Andrew Oliver, company director at Andrew Oliver & Co, complained to Aegon after he noticed an anomaly on his commission statement from a client’s pension plan.

As the pension plan was sold in 2004 payments to the adviser were commission-based, as opposed to fee-based. The policy included a period of time in which the insurer could claw back the commission from the adviser if the client cancelled the policy. 

In Mr Oliver's case the pension plan was still in force with a value of around £244,000, so no commission should have been clawed back.

But Mr Oliver noticed that Aegon had debited £1632.50 without any explanation when he received his latest electronic commission statement.

He said normally there was a range of credits and debits made by the provider but the £1632.50 withdrawal caught the adviser’s eye as it was unusually high.

Aegon said the figure in question was due to a human error but that the adviser had not been charged and no money had actually been taken.

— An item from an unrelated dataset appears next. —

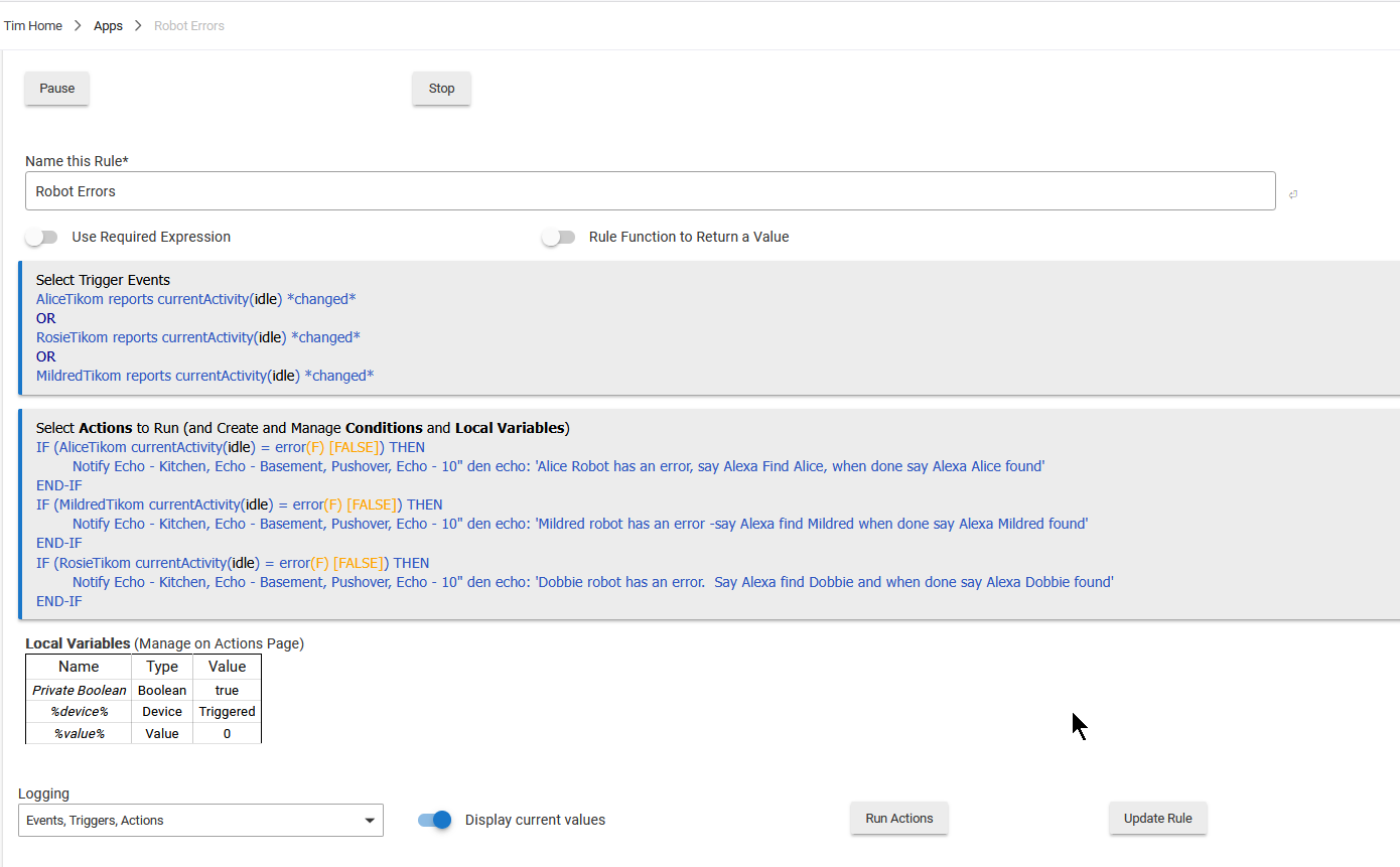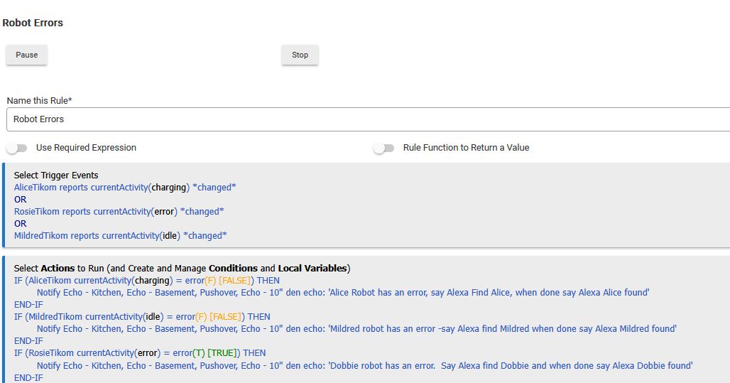 Also, you probably want these as three separate rules, unless you don't mind multiple notifications for the same device (all devices are going to be checked for a value of "error" any time the value for any device changes -- even if that device changing to "error" wasn't what triggered the rule, and even if you already got a notification for that device, for example). If you only care about notifications, a trigger on "error" instead of "*changed*" and no IF THENs necessary in your actions would be a very simple rule -- or set of rules, one for each device -- to write that sounds like a closer match for what you actually want.

An Aegon spokesperson told FTAdviser: “There was an isolated error shown on the statement. 

“No money was taken as a result of the error and this has been corrected in the next statement the IFA will receive.”

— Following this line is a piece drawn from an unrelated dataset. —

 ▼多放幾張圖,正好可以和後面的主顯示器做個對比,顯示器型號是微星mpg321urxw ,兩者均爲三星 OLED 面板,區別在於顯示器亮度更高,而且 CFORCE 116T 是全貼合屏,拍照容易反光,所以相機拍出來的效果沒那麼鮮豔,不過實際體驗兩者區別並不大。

Mr Oliver argued the issue had been dealt with poorly and had resulted in a cost to him as he had had to take time out of his working day to resolve it.

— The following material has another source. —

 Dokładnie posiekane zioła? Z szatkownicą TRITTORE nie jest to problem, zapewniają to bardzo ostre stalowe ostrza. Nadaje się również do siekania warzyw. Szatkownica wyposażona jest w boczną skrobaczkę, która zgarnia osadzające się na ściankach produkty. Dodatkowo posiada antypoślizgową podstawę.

He said: “This issue is a waste of my time but an issue that I need to get resolved. I don’t want someone from Aegon contacting me for £1632 that I do not owe.

“I accept that errors occur and things do not always go right but what is important is how it gets corrected. So far Aegon have failed on that score.”

Tim Morris, independent financial adviser at Russell & Co, said errors like this happened more often than advisers might think therefore it was wise to check all documentation carefully.

He said: “I’ve had instances where a clients fee wasn’t deducted by a provider as per the instruction. You would really expect them to get this right. 

“I do appreciate that errors can happen, yet this happens more regularly than it should. Perhaps they need an additional layer of checks in place to prevent/rectify such errors.”

He added: “I always check the statements and think all advisers need to. It makes sense and is the same as anyone checking their pay to ensure it’s correct. I always want to ensure I’m not underpaid or even overpaid.”

But Ivor Harper, director at advice firm Park Financial Limited, said advisers should be able to rely on providers to provide correct information.

Mr Harper said: “I feel one should be able to rely on the competence of another authorised firm. However, that said, mistakes do happen and, sure, they'll be corrected - but only if noticed.

“I think it depends on the terms of engagement that adviser has with their customer as to how detailed checks are - because, in the end, it's the customer who has to pay for time spent.”

Other advisers thought technology was to blame for more mistakes making their way onto client documentation.

Victor Sacks, independent financial adviser at VS Associates, said: “With online processing, digital signatures etc, it's so important that documentation is checked.

“It's not like the 'old days' where we completed everything on paper and kept a paper record so we could cross reference. Now we are so reliant on technology, it's easy to think it's foolproof.”